Происходит ли такое прозвание от забытого имени божества, сказать в настоящий момент, увы, невозможно. Прояснить картину могли бы помочь календарные особенности празднований Ярилиных дней у восточных славян, но они потребуют от нас погрузиться глубоко в проблему традиционного календаря и затронуть ряд астрономических вопросов, что не является в настоящий момент нашей задачей.

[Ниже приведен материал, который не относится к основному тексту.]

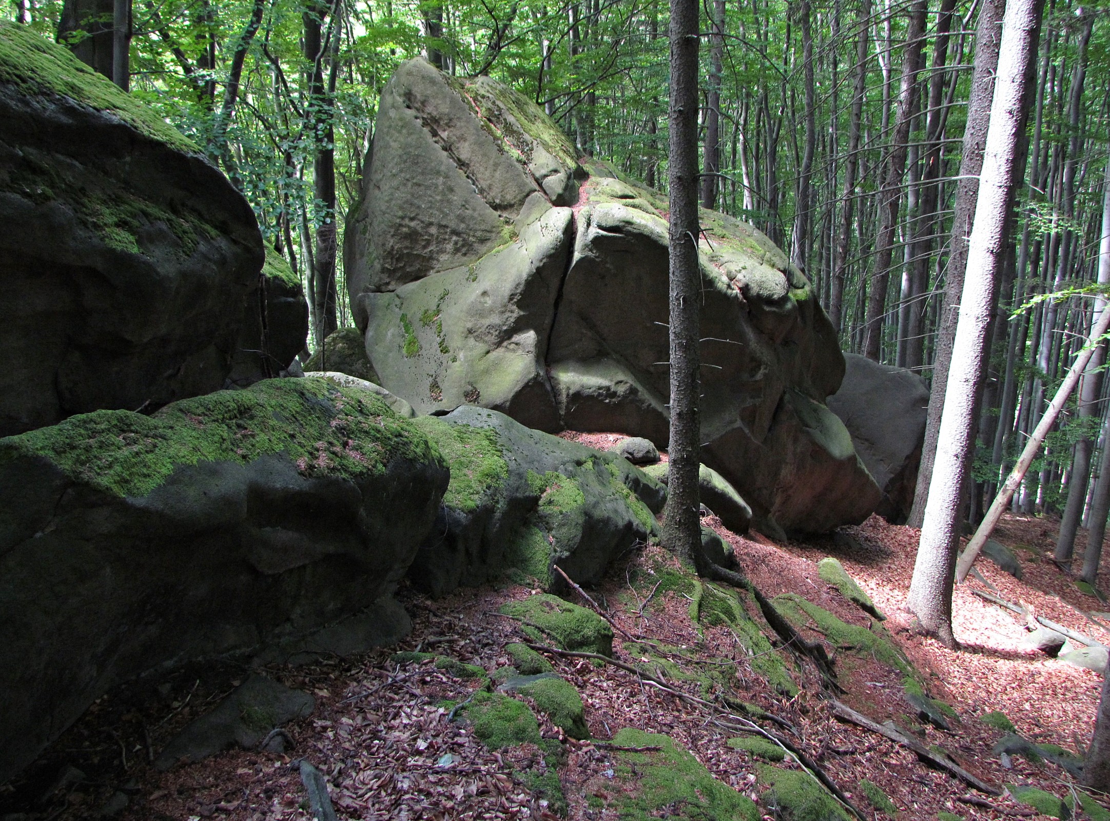 Pod Komínem skalnatý svah nad pasekou velice strmě klesá k nedaleké lesní cestě v údolí, kterým bychom se dostali pod přehradní hráz Bystřičky. Jinak nás čeká návrat do strmého svahu a úmorný výstup zpět pod vrchol Klenova v délce více jak 400 m!

В любом случае мы считаем наиболее вероятным, что Ярило (Яровит?) – воплощение не столько плодородия и уж тем более не солнца, но той силы, которая побуждает зеленеть поля и леса, пробуждает в людях любовное стремление друг к другу и, переходя из мира богов в мир людей, ежегодно умирает, проникнув во всё живое. Эта сила приводит к заключению небесного брака, обеспечивая союз Земли и Неба, что вершится в самую короткую ночь в году. Затем она напитывает собою плоды земли и, возможно, по осени вновь уходит в мир богов – дабы воротиться вновь следующей весной. Если так, то налицо довольно глубокий «уровень абстракции» и развития мифологии, существование которого у славян столь яростно стремятся опровергнуть исследователи вроде Мансикки или Ловмянского иже с ними.

Так или иначе у авторов возникает ряд пока неразрешимых в лоб вопросов:

– насколько соответствует действительности сообщение, что роль Ярилы в белорусской обрядности выполняет девушка, хотя бы и снабжённая выраженными мужскими признаками? Можно ли это расценивать как память об оргиастическом характере культа в честь весенней плодородной силы?

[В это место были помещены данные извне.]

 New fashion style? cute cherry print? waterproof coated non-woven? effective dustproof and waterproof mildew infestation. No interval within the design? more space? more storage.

– была ли всё же «мёртвая голова», точно ли она человечья, уж не конская ли?

– какова связь Ярилы и Купалы с учётом того, что на Русском Севере праздник летнего солнцеворота называли Ярилин день? Не связан ли обычай похорон Ярилы с памятью о древнейшем обычае ритуального жертвоприношения «священного царя» типа Диониса (не лишённого, согласно «Деяниям Диониса» Нонна Панополитанского, воинских черт)?

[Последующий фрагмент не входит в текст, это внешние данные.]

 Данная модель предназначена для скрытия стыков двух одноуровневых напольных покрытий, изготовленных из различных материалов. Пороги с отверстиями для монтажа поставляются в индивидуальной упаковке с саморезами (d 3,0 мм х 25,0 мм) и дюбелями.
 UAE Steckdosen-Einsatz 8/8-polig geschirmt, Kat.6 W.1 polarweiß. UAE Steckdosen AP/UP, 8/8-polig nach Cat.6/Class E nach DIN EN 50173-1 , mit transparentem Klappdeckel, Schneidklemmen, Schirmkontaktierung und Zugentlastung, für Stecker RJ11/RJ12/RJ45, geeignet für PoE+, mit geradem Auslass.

– правомерно ли полное отождествление стареющего и умирающего, но воскресающего Ярилы и бессмертного Яровита (=Марса) и если да, то в какой степени?

ТРИГЛАВ ИЛИ ТРИГЛА!

В трактате XVII в. о богах лужицких сорбов А. Френцель посвятил одну из глав некоей Тригле «De Trigla, Dea Poli, Soli Salique» (Commentarius). Возможно, это стоит перевести не «Богиня полей и земли», а «Богиня неба, земли и благополучия». «Полей» – от ошибочной интерпретации слова Poli. Polus – «небесный свод» + solum – «земля, почва» + salus – «благополучие, безопасность». Его данные повторили М. Глинка с А. Кайсаровым – славянофилы начала XIX в.

Mater Verborum так характеризует похожий персонаж: «Trihlav Triceps, qui habet capita tria capree»{66}. В чешской хронике Пржибика Пулкавы из Раденина, умершего в 1380 году, говорится: «В этом городе [Бранденбурге (Браниборе)] идол мерзкий с тремя головами чествовался обманутыми людьми, словно бог почитался» (Palm Т. Wendische Kultstatten. Lund, 1937. S. 95; цит по: Матерь Лада, 2003).

Из «Жизнеописания Оттона Бамбергского» мы узнаём о существовании у славян и в городе Штетине «трехглавого изображения божества, которое имело на одном туловище три головы и называлось Триглавом». Согласно средневековому историку Эббону, Триглав – наивысшее языческое божество (summus paganorum deus) с золотой повязкой на устах и глазах. По Герборду, он властвует над тремя мирами – небом, землёй и подземным миром, а также причастен к гаданию посредством огромного чёрного коня (Житие епископа Оттона, II, 30; III, 22,32). Расположенный на трёх холмах город Штетин, по свидетельству Герборда (ок. 1120), сам по себе был местом служения этому богу о трёх головах. Храм Триглава находился на высочайшем из трёх месте. Завладев боговым столпом, Оттон уничтожил тело идола, а соединённые три головы забрал в качестве трофея и отправил в Рим как доказательство обращения поморян в христианство.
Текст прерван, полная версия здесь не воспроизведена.